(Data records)
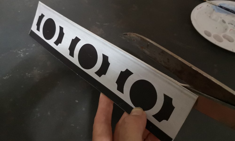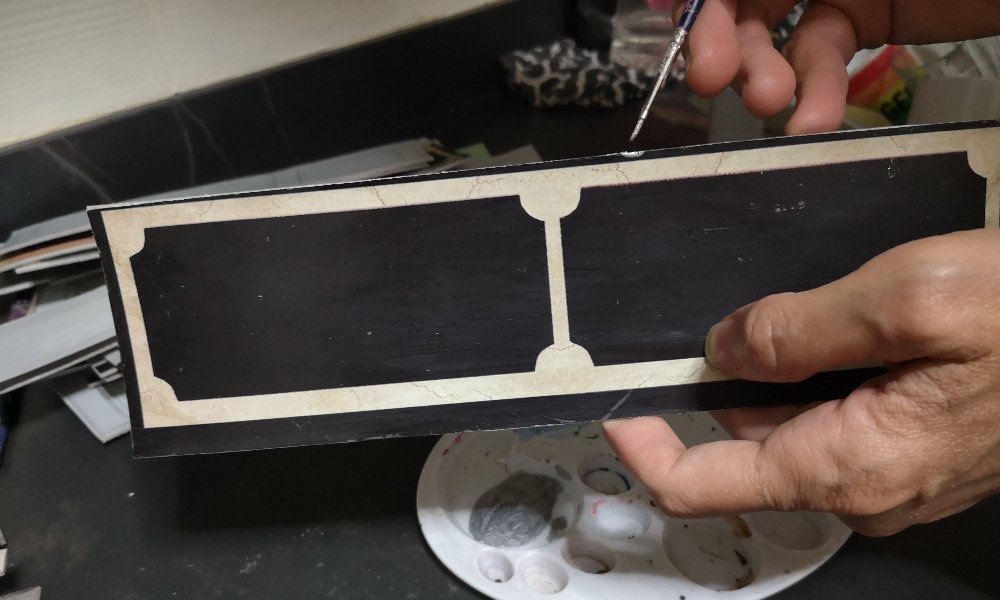 Es necesario pintar los bordes tanto de los adornos como de la base del zócalo, en caso contrario el acabado será bastante deficiente, se notará excesivamente el cartón de los márgenes. Es un paso laborioso pero vale la pena para obtener un buen resultado.
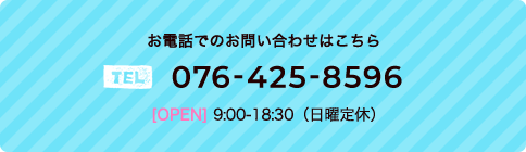 〒939-8014 富山県富山市中川原新町78-188[OPEN] 9:00-18:30(日曜定休)
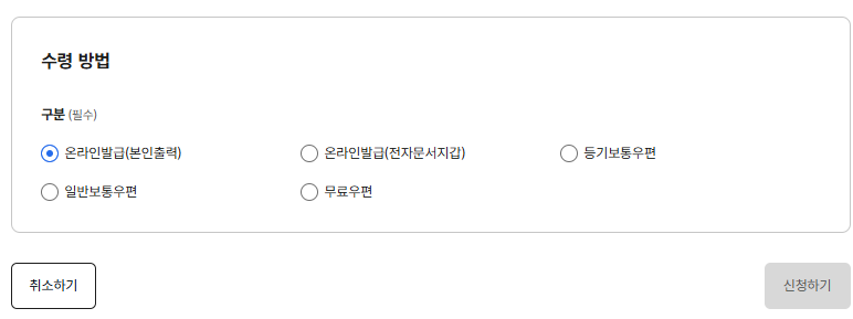 ※ 정부24 발급은 무료이며, 신청 즉시 내려받을 수 있다는 장점이 있습니다.
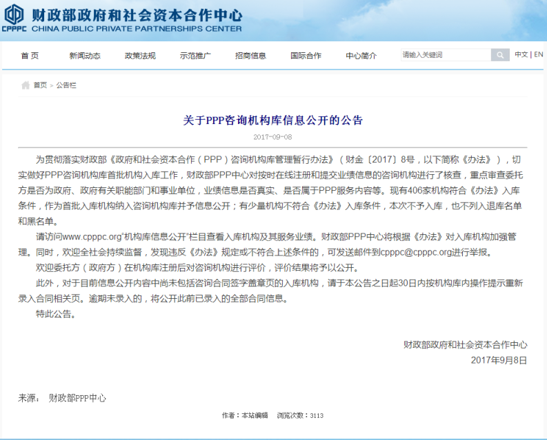 2017年9月8日,財(cái)政部PPP中心發(fā)布了《關(guān)于PPP咨詢機(jī)構(gòu)庫(kù)信息公開(kāi)的公告》,406家機(jī)構(gòu)符合《政府和社會(huì)資本合作(PPP)咨詢機(jī)構(gòu)庫(kù)管理暫行辦法》(財(cái)金【2017】8號(hào))入庫(kù)條件,鼎正公司成功入選財(cái)政部首批PPP咨詢機(jī)構(gòu)庫(kù)。
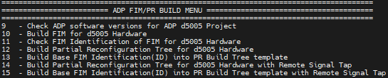 | 15 - Build Base FIM Identification(ID) into PR Build Tree template with Remote Signal Tap | This option copies the contents of the fme-ifc-id.txt into the Partial Reconfiguration Tree for Remote Signal Tap to allow the FIM amd Partial Reconfiguration Tree to match and hence allow subsequent insertion of AFU and OneAPI workloads |
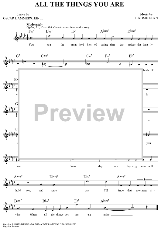 Digital Sheet Music for All The Things You Are by Jerome Kern, Oscar Hammerstein II scored for Lead Sheet; id:460942
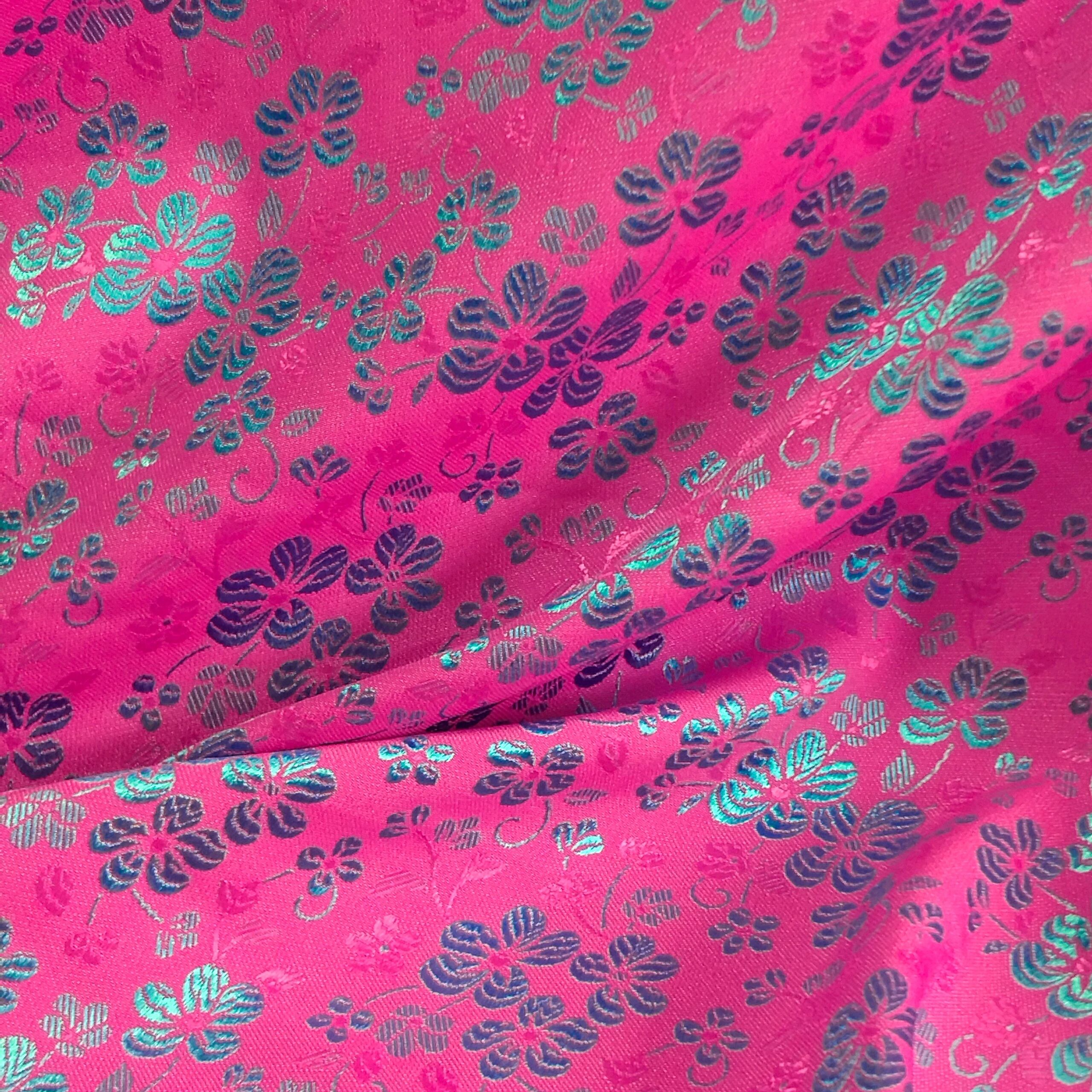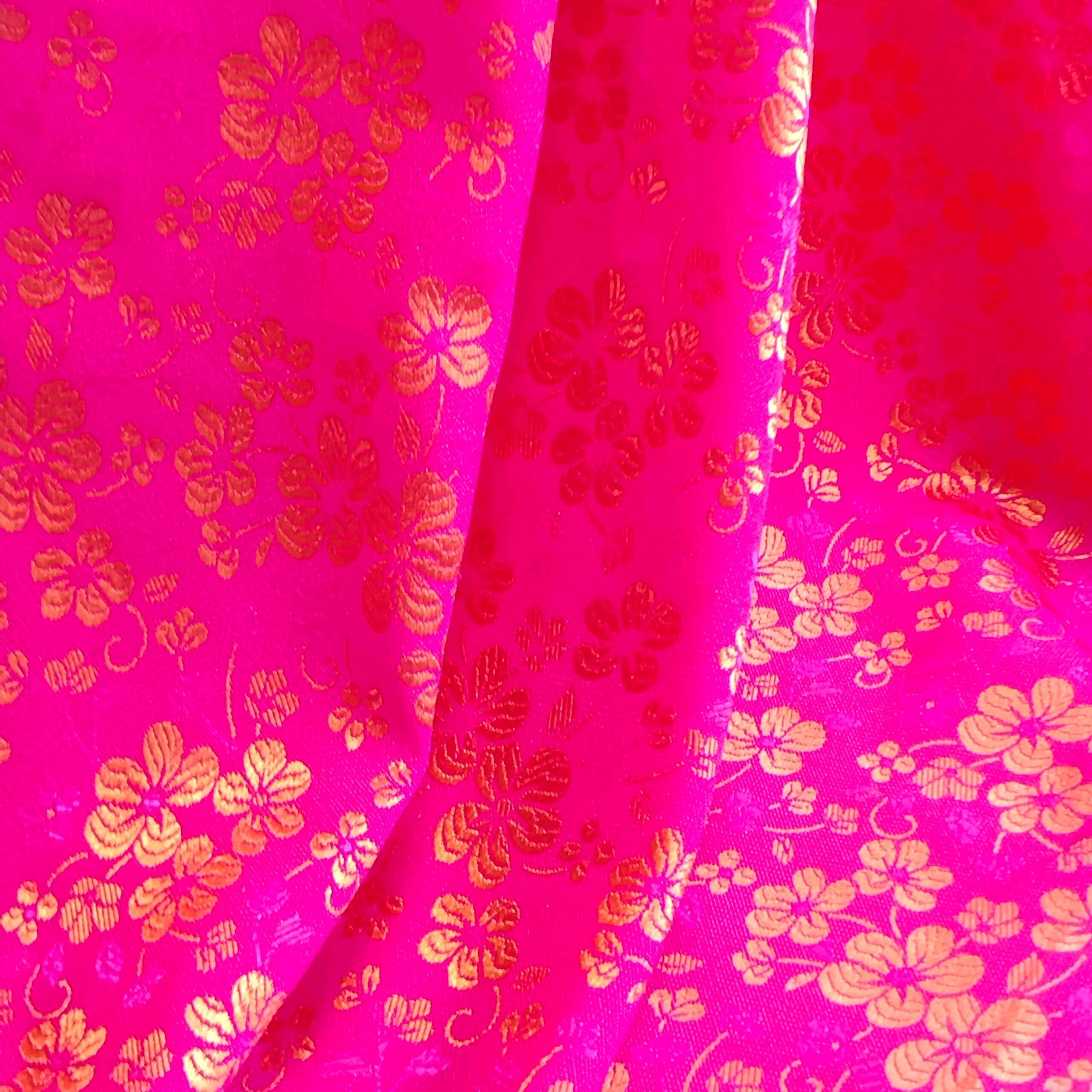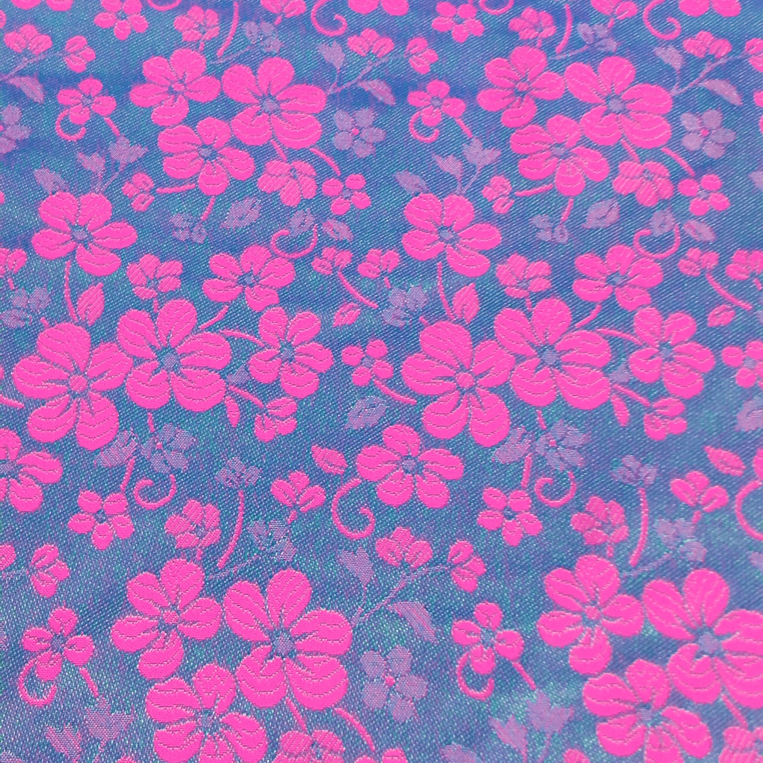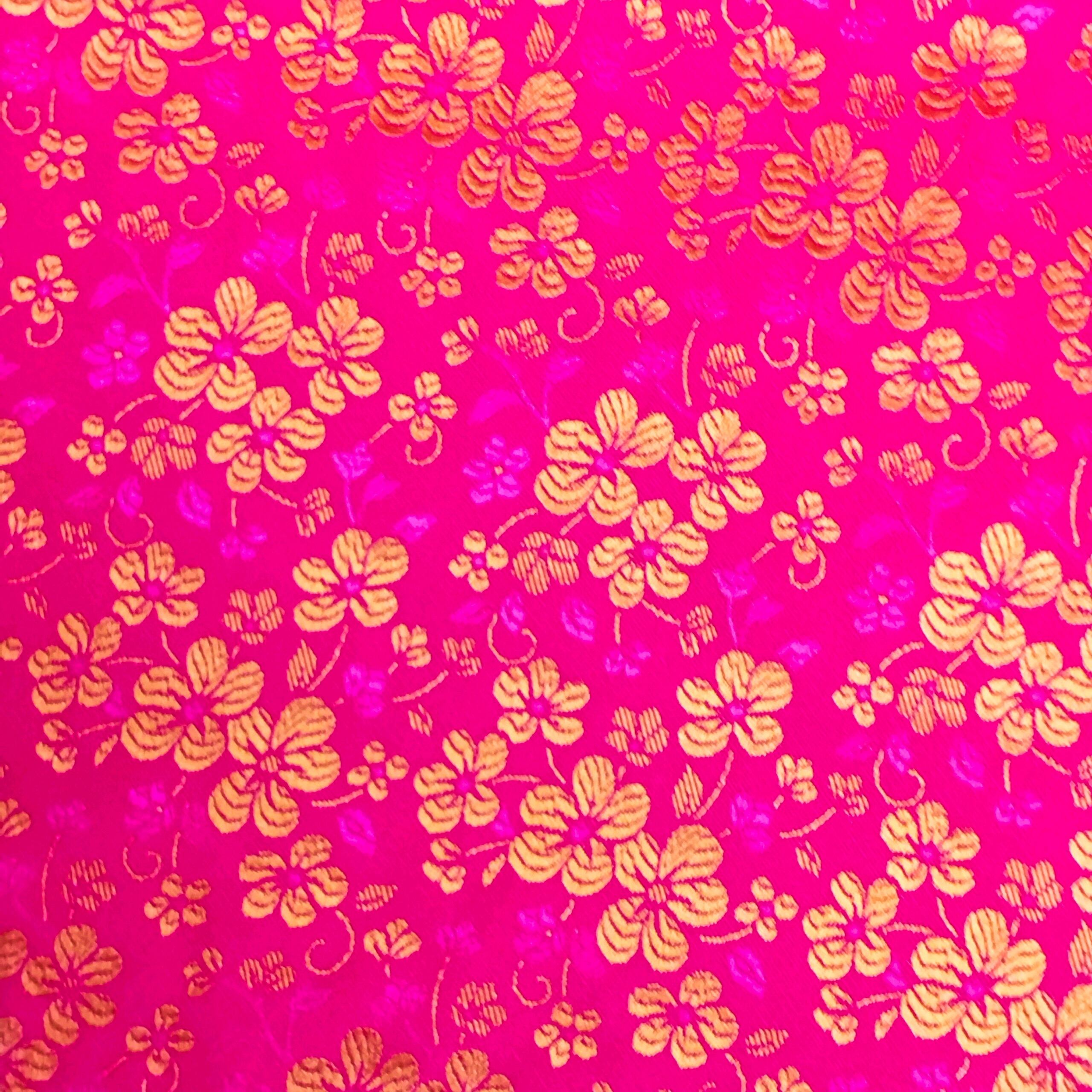 ショッキングピンクの地に華やかな小花が散りばめられており、
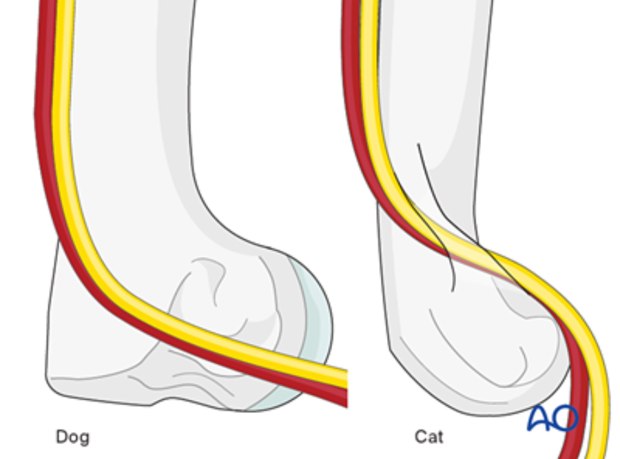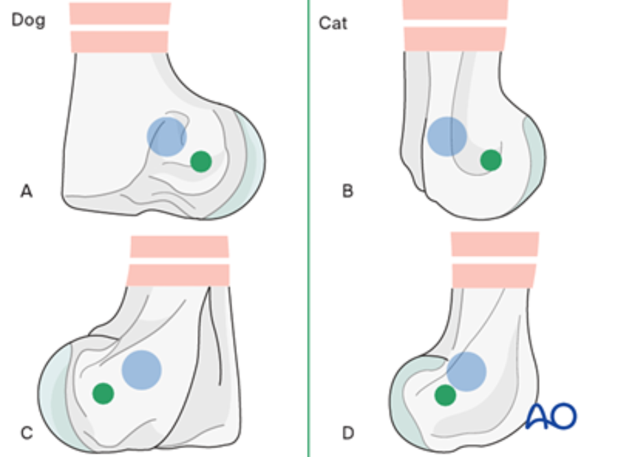 Cats are not small dogs. Differences in osseous anatomy and proportional bone geometry mean that, by treating cat humeral fractures as discrete entities, we can avoid complications such as pin penetration of the supracondylar foramen or joint violation by transcondylar screws.

PROBLEM REQUIREMENTS: The data is to be returned exactly as it stands, pictures aside.

RESULT OF THE TASK:
 Es necesario pintar los bordes tanto de los adornos como de la base del zócalo, en caso contrario el acabado será bastante deficiente, se notará excesivamente el cartón de los márgenes. Es un paso laborioso pero vale la pena para obtener un buen resultado.
 〒939-8014 富山県富山市中川原新町78-188[OPEN] 9:00-18:30(日曜定休)
 ※ 정부24 발급은 무료이며, 신청 즉시 내려받을 수 있다는 장점이 있습니다.
 2017年9月8日,財(cái)政部PPP中心發(fā)布了《關(guān)于PPP咨詢機(jī)構(gòu)庫(kù)信息公開(kāi)的公告》,406家機(jī)構(gòu)符合《政府和社會(huì)資本合作(PPP)咨詢機(jī)構(gòu)庫(kù)管理暫行辦法》(財(cái)金【2017】8號(hào))入庫(kù)條件,鼎正公司成功入選財(cái)政部首批PPP咨詢機(jī)構(gòu)庫(kù)。
 | 15 - Build Base FIM Identification(ID) into PR Build Tree template with Remote Signal Tap | This option copies the contents of the fme-ifc-id.txt into the Partial Reconfiguration Tree for Remote Signal Tap to allow the FIM amd Partial Reconfiguration Tree to match and hence allow subsequent insertion of AFU and OneAPI workloads |
 Digital Sheet Music for All The Things You Are by Jerome Kern, Oscar Hammerstein II scored for Lead Sheet; id:460942
 ショッキングピンクの地に華やかな小花が散りばめられており、
 Cats are not small dogs. Differences in osseous anatomy and proportional bone geometry mean that, by treating cat humeral fractures as discrete entities, we can avoid complications such as pin penetration of the supracondylar foramen or joint violation by transcondylar screws.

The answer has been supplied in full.